Frank Mc Court, en "El profesor"

Esta es la fantasía secreta, lo que calquier docente, al menos los de literatura, soñamos cuando aún no hemos entrado a un aula.

Después, y con bastante velocidad, aprenderemos que ese éxito rotundo ocurrirá tan solo en las películas, porque la vida real es otra cosa.

Los y las docentes trabajamos en permanente tensión. Nuestro trabajo exige atención extrema, estamos constantemente expuestos. En el aula, con los directivos, con los inspectores, con el sistema mismo.

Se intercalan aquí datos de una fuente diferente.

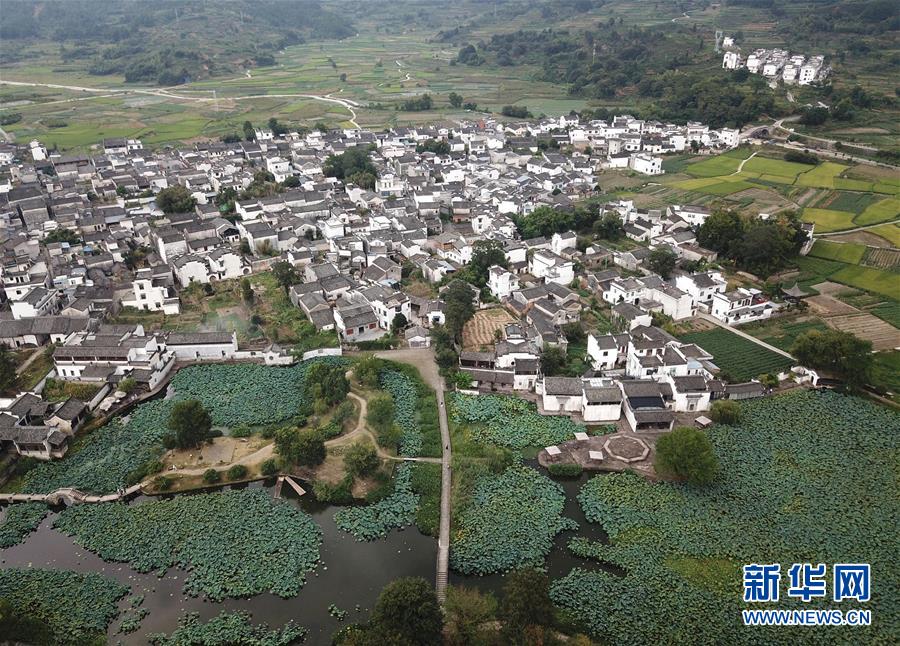 這是無人機拍攝的呈坎村(8月28日攝)。新華社記者劉軍喜攝

Hay un poder simbólico que está en disputa y  va de un lado a otro, nunca está en una sola persona.

Claro, hay muchísimas situaciones de alegría, de complicidad y de placer. Pero ni siquiera en esos momentos un docente puede estar relajado.

Por eso, la primera vez que entramos al aula tenemos tanto miedo; por eso cada año, cuando empiezan las clases, no dormimos pensando cómo será ese año y ese curso.

Ser docente es una forma de construir.

En mi historia, la docencia llegó de casualidad. De verdad. Cuando empecé a estudiar Letras no estaba en mis planes ser docente. Si hubiese querido ser docente hubiera hecho un profesorado.

Pero no me anoté en un profesorado. Me anoté en la carrera de Letras en la UBA, y fue estudiando que supe de la posibilidad de ser docente.

Hay colegas que desde la infancia supieron que querían ser maestras o profesoras. Jugar a la maestra o jugar a la mamá. Esas, en general, eran las elecciones lúdicas de las niñas.

Yo no jugaba a la maestra. Pero me dediqué a enseñar.

Para mí este comienzo es importante. Porque en mi mente rompe con la estructura rígida de la docencia como un llamado vocacional casi religioso. 

A  la docencia llegué de casualidad y no por vocación. Tuve que aprender a amar la docencia mientras aprendía a enseñar.

Me dediqué, durante décadas, a ejercer esa profesión tan intensa, tan cuestionada, y que aún hoy me genera contradicciones.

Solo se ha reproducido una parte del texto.